Aug 12, 2022
Low tunnels aid strawberry growth, protect from disease and pests

Due to the cold, wet spring in western Oregon, the fruit hadn’t ripened at Strawberry Field Day in June at Oregon State University’s North Willamette Research and Extension Center (NWREC) in Aurora.

Under experimental plastic tunnels, however, the berries were quickly catching up.

Strawberry field trials under high tunnels at the North Willamette Research and Extension Center. PHOTOS: Kym Pokorny (Click to enlarge)

The low tunnels – semi-permanent structures made of clear plastic sheeting draped over hoops – are designed to cover a single row and protect crops from rain and extend the season, said Erica Chernoh, assistant professor of practice and head of the OSU Extension Berry Initiative.

Field trials at NWREC and other research locations have shown that the tunnels are successful at extending the strawberry season for day-neutral cultivars, Chernoh said. Temperatures are higher underneath the plastic and the plants are protected from the rain, which spreads disease as rain splashes the spores splash onto the plants. A new two-year study will compare low tunnels to high tunnels.

“We hope we can provide growers with some tools they can use to extend their harvest season to produce fruit outside of the typical season when competition is high and to help meet the market demand for fresh strawberries grown locally in Oregon,” Chernoh said.

Indeed, there is a great potential for fresh market strawberry production in Oregon, where most of the strawberry harvest is processed rather than sold whole. Growers want to produce fresh, locally grown fruit for the market, which people say they want, Chernoh said.

“There was a market analysis done by the nonprofit Oregon Tilth that found there is a demand for fresh strawberries that’s not being met by Oregon growers,” said Chernoh, who took over the Berry Initiative in 2021 after working for three years as a collaborator.

“There’s an opportunity for Oregon growers to fill that market,” she said. “A lot of fruit is imported from out of state and comes to the supermarket at 75% ripeness. We will never compete with the scale of strawberry production in California, but we can produce a great-tasting and fresh Oregon berry that’s available in local markets more than just a few weeks in the summer.”

That’s where the tunnels come in. The research, which initially focused on low tunnels under former Extension specialist Javier Fernandez-Salvador, showed they resulted in an extended strawberry growing season.

“We’d like to see the season of day-neutral strawberries extend through late October; that’s the goal,” said Chernoh, who previously worked with strawberry growers in Sacramento County for two years as part of the University of California Cooperative Extension.

“In the 2019 harvest we were picking fruit until Thanksgiving.
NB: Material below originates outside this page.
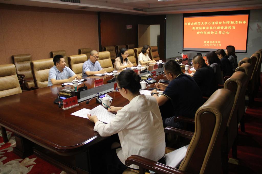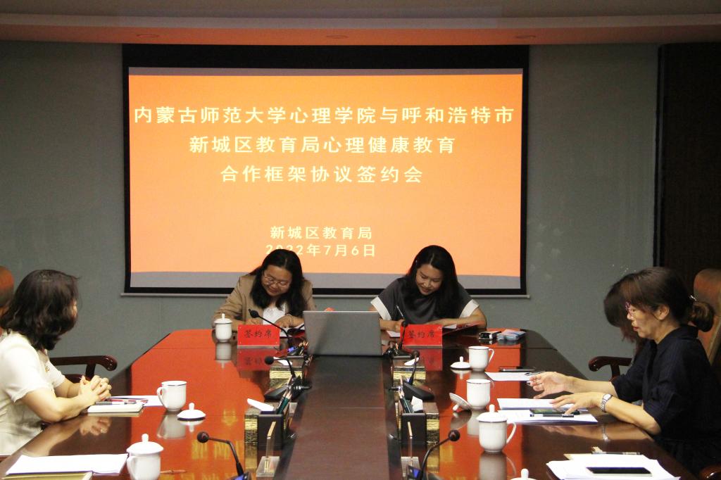 为进一步加强实践教学,提升人才培养质量,促进毕业生高质量就业,发挥学科专业优势,助力社会心理服务体系建设,7月6日下午,万象城与新城区教育局心理健康教育合作框架协议签约暨万象城娱乐awc线路教育实践与就业基地挂牌仪式隆重举行。新城区教育局党组书记、局长黄咏梅,新城区教育局副局长商辉、郝素兰、卜二军,新城区教育局机关纪委书记武爱珍;万象城娱乐awc线路院长乌云特娜,院党委副书记、副院长张晓阳,心理学系系主任杨晓峰,学生工作与就业办公室主任张金钟等参加会议。

We’d like to get an earlier season, too, so growers could harvest in late April or early May rather than late May or early June,” she said. “We’d get extension on either side of the current season.”

High tunnels have the potential to perform the same as low tunnels or perhaps better. Chernoh’s latest research concentrates on a comparison of low and high tunnels, which look similar to greenhouses without the electricity and water. Low tunnels, on the other hand, cover a single row of crops right above the plants. She plants popular day-neutral strawberries Albion and Seascape in both tunnels, as well as open field, and maintains them with the same soil conditions, water and fertilizer.

The study focuses on organic production so no synthetic pesticides are used, though an organic product was applied for the dreaded spotted wing drosophila, an invasive fruit fly that has given Oregon growers headaches for more than a decade. Overall, insect and disease pressure are managed because her team uses an integrated pest management approach that includes sanitary measures like adequate space between plants and weeding to eliminate host plants and competition with the strawberries. They also use a bug vacuum for control of insect pests and trapping for field mice. The tunnels protect the plants from rain, which reduces fruit rot and disease pressure.

Chernoh said she thinks the high tunnels will yield more and have a longer season, but that’s still to be seen. High tunnels are more expensive to build than low tunnels, so may be more accessible to large-scale growers. The low tunnels are made with less expensive materials that, except for the plastic, are easily available at local hardware stores. The Extension publication “Low Tunnels for Season Extension in Oregon: Design, Construction and Costs” is a starting point.

The OSU Extension Berry Initiative has been supported by Oregon Legislature since 2017. A grant from the Northwest Center for Small Fruits Research provides funding for the current season.

—Kym Pokorny, OSU Extension

TOP PHOTO: Strawberry Field Day attendees look at low plastic tunnel field trials at the North Willamette Research and Extension Center.